Esses resultados nos permitiram reformular hipóteses previamente aceitas e delinear um novo quadro cronológico que foi transferido para registros marinhos existentes, proporcionando uma nova perspectiva sobre a velocidade dos processos em ação durante o penúltimo degelo.

“Nosso estudo estabelece um ponto de ancoragem na cronologia do início ao fim do degelo, confirmando a hipótese há muito aceita de que as mudanças na insolação controladas pelos movimentos orbitais da Terra são os gatilhos dessa grande mudança climática”, diz Isabel Cacho. “Mas permite-nos estabelecer – continua ela – pela primeira vez uma cronologia robusta dos processos de retroalimentação oceânicos e atmosféricos desencadeados por esta mudança inicial de insolação, uma mudança que foi muito modesta em relação ao balanço energético da Terra”.

“Assim, a intensidade do aquecimento da última deglaciação não foi controlada pelas mudanças de insolação, mas por processos de retroalimentação climática entre o oceano, a atmosfera e a criosfera ou a massa de gelo”, acrescenta.

Mantos de gelo do hemisfério norte e localização dos locais

A distribuição de North American Ice Sheet (NAIS) e Eurasian Ice Sheet (EIS) durante o LGM (cobertura branca, após) e a extensão máxima dos depósitos glaciais EIS antes do último ciclo glacial (linhas tracejadas pretas, após).

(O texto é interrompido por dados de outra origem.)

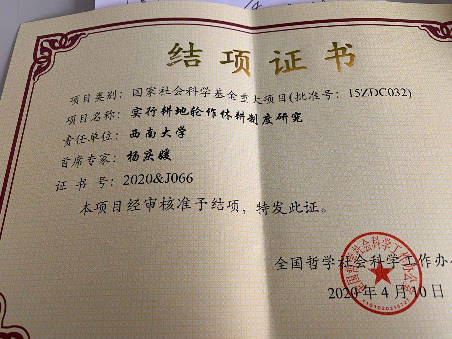 近日,全国哲学社会科学规划办公室下发了国家社科基金重大项目的结项通知,由我院杨庆媛教授作为首席专家领衔主持的《实行耕地轮作休耕制度研究》(项目批准号:15ZDC032;主要参加人:王成、涂建军、阎建忠、邹学荣、陈展图、李元庆、江娟丽、印文、王亚辉)顺利结项。
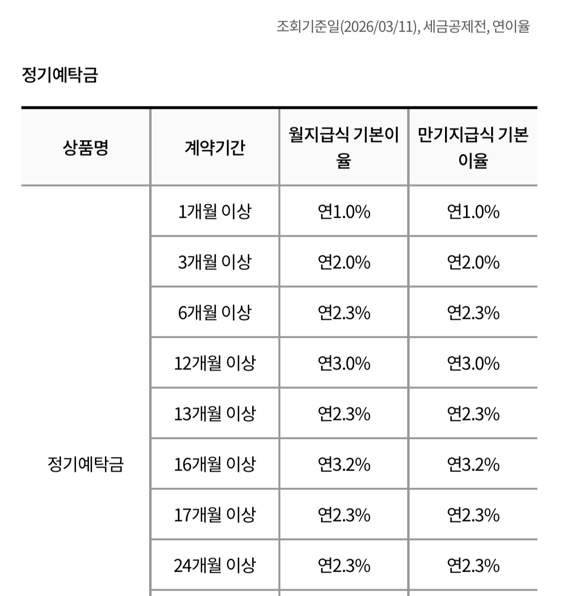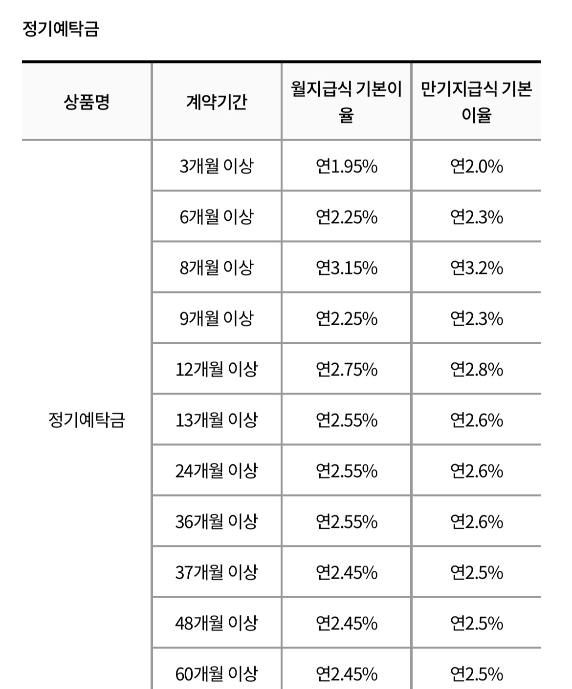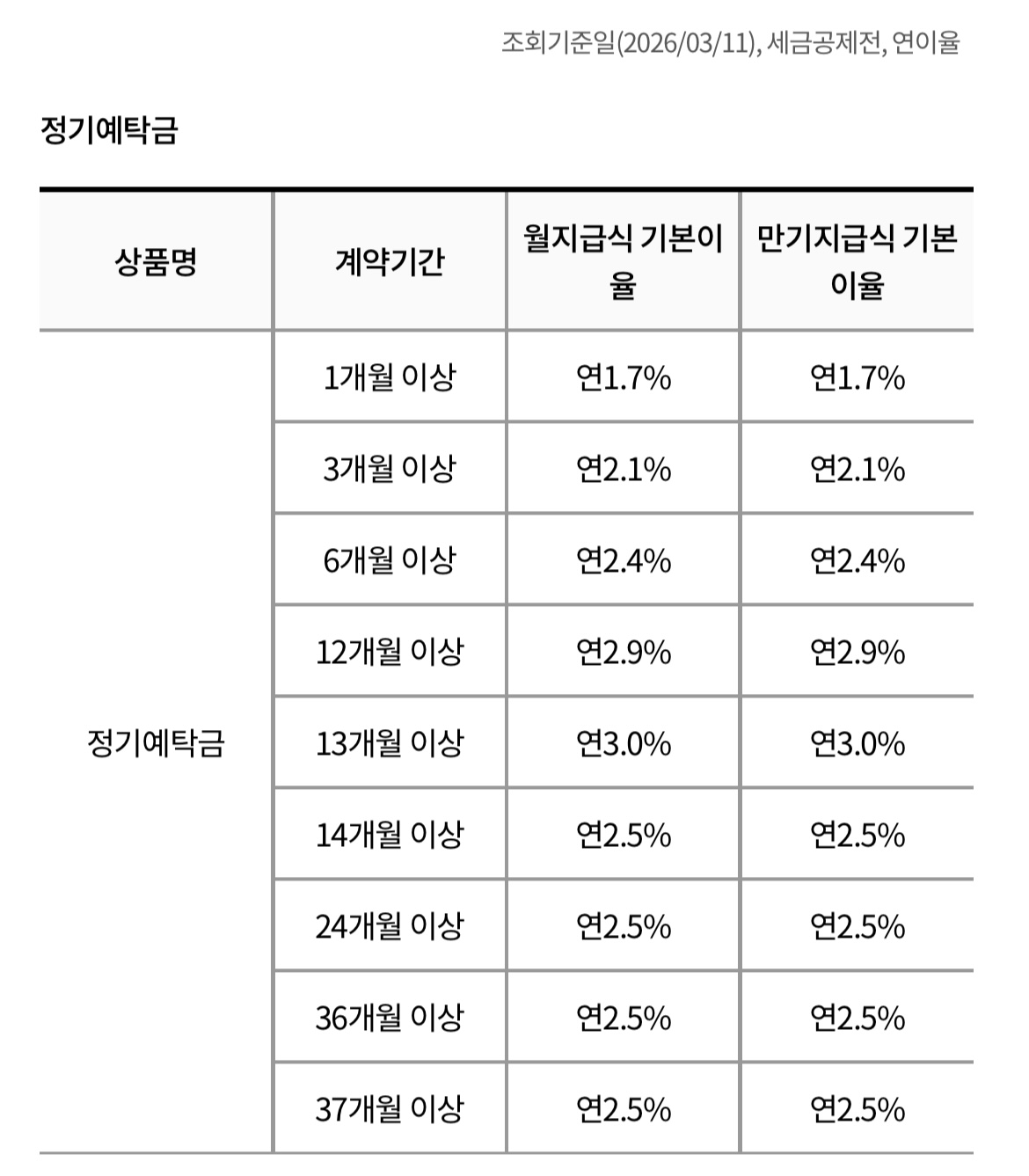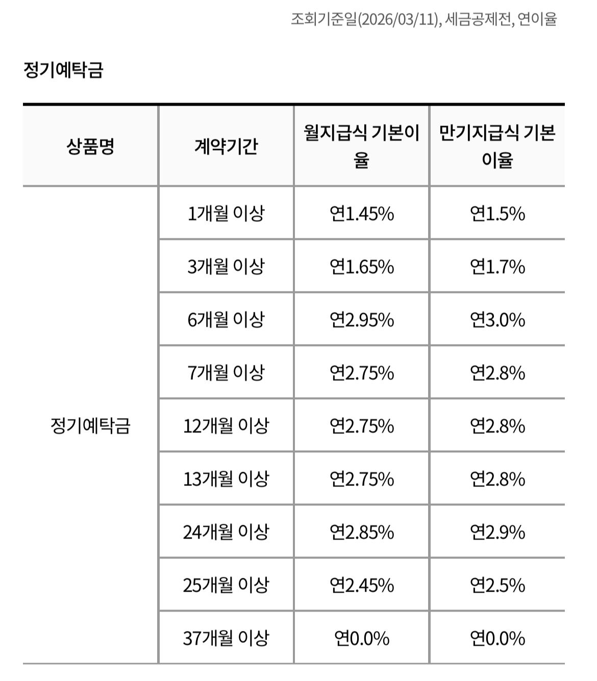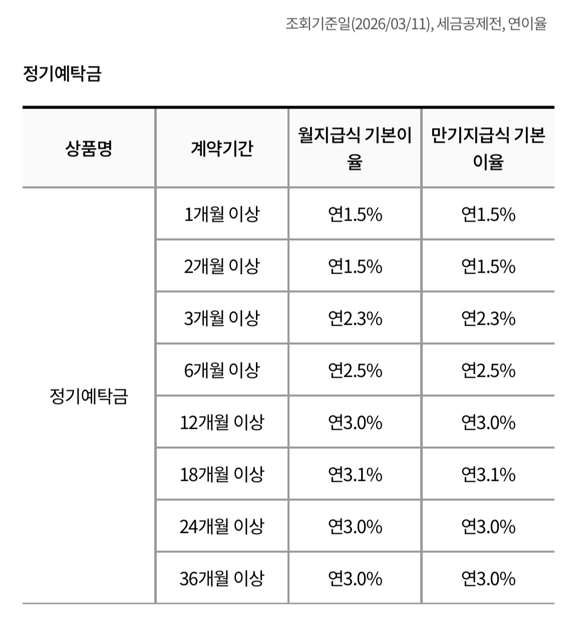 다만 정기예탁금은 만기 전에 해지할 경우 중도해지이율이 적용되어 약정 금리보다 낮은 이자를 받을 수 있습니다. 또한 만기일이 법정공휴일 · 근로자의 날 · 토요일 등인 경우에는 직전 영업일에 해지가 가능하며, 이때 약정이율을 적용하되 앞당긴 일수만큼 이자가 차감되어 지급된다는 점도 함께 알아두시면 좋습니다.
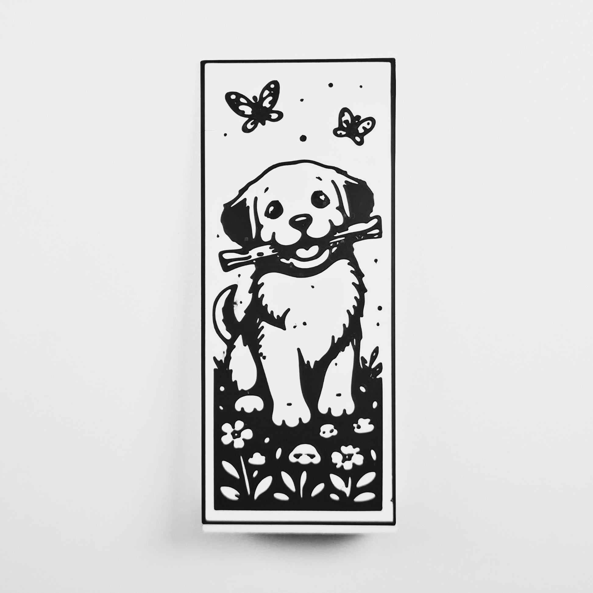The bold black and white contrast gives the design a clean, timeless look while capturing that carefree, tail-wagging joy only a puppy can bring. It’s a lighthearted piece that adds a playful touch to any book.

A escala de cores sobre o oceano mostra a distribuição de anomalias de salinidade marinha em 16 ka resultantes de uma simulação de 3.000 ky com água derretida derivada 45% do EIS e 55% do NAIS entregue a saídas costeiras apropriadas e levando a uma desaceleração de 20% do AMOC. Sítio da caverna ibérica a noroeste (estrela vermelha) e locais discutidos

A fragilidade das camadas de gelo marinhas

Os mantos de gelo à base do mar foram fundamentais para acelerar o processo de aquecimento da penúltima deglaciação. “As correntes marinhas contribuem para o derretimento da base dessas geleiras e, à medida que essas estruturas se tornam mais fluidas e frágeis, a velocidade de progressão das geleiras se acelera e o gelo é descarregado diretamente no mar a uma taxa que não permite que a geleira se desfaça. regenerar”, explica a professora Judit Torner, membro do UB Consolidated Research Group in Marine Geosciences e coautora do estudo.

No entanto, a descarga direta de gelo no oceano tem um impacto direto nas correntes oceânicas e causou uma desaceleração abrupta da circulação marinha no Atlântico Norte.

“Isso aconteceu repetidamente no passado, mas nosso estudo indica que esse processo foi particularmente intenso, rápido e prolongado durante o penúltimo degelo”, acrescenta Torner.

Essa mudança na circulação foi decisiva na evolução do clima, pois afetou diretamente o ciclo do carbono oceânico, com aumento dos níveis de CO2 atmosférico e, portanto, do efeito estufa da atmosfera. “Isso causou uma enorme amplificação do processo de aquecimento durante essa penúltima deglaciação”, apontam os pesquisadores.

Geleiras do passado, lições do presente

Hoje, grande parte das geleiras da Groenlândia e da Antártida tem uma base marinha que mostra sinais de derretimento e desestabilização.

Outro motivo de preocupação é que os processos oceânicos e atmosféricos que reagiram ao degelo descritos no artigo não são diferentes dos descritos em outras deglaciações, “mas a penúltima deglaciação — diz Isabel Cacho — é única no sentido de que deu lugar a um período interglacial mais quente que o atual (cerca de 0,5-1,5ºC mais quente que as temperaturas pré-industriais)”. Essas condições duraram séculos e causaram um derretimento superior do gelo na Groenlândia e na Antártida, elevando o nível do mar em 5-6 metros acima dos níveis atuais. “Isso sugere que não apenas os processos de feedback em si, mas a velocidade com que eles reagem, são capazes de moldar a intensidade das mudanças climáticas”.

“Isso é muito preocupante, pois estamos vivendo a mudança climática mais rápida da história do nosso planeta. Nossas observações de climas passados confirmam as projeções climáticas disponíveis, instando-nos a adotar medidas para conter o aquecimento global abaixo de 1,5°C e, assim, desacelerar uma série de mudanças que terão um alto custo para nós e os ecossistemas que nos sustentam. Mas conter as mudanças climáticas requer ação imediata em todos os níveis”, concluem os pesquisadores.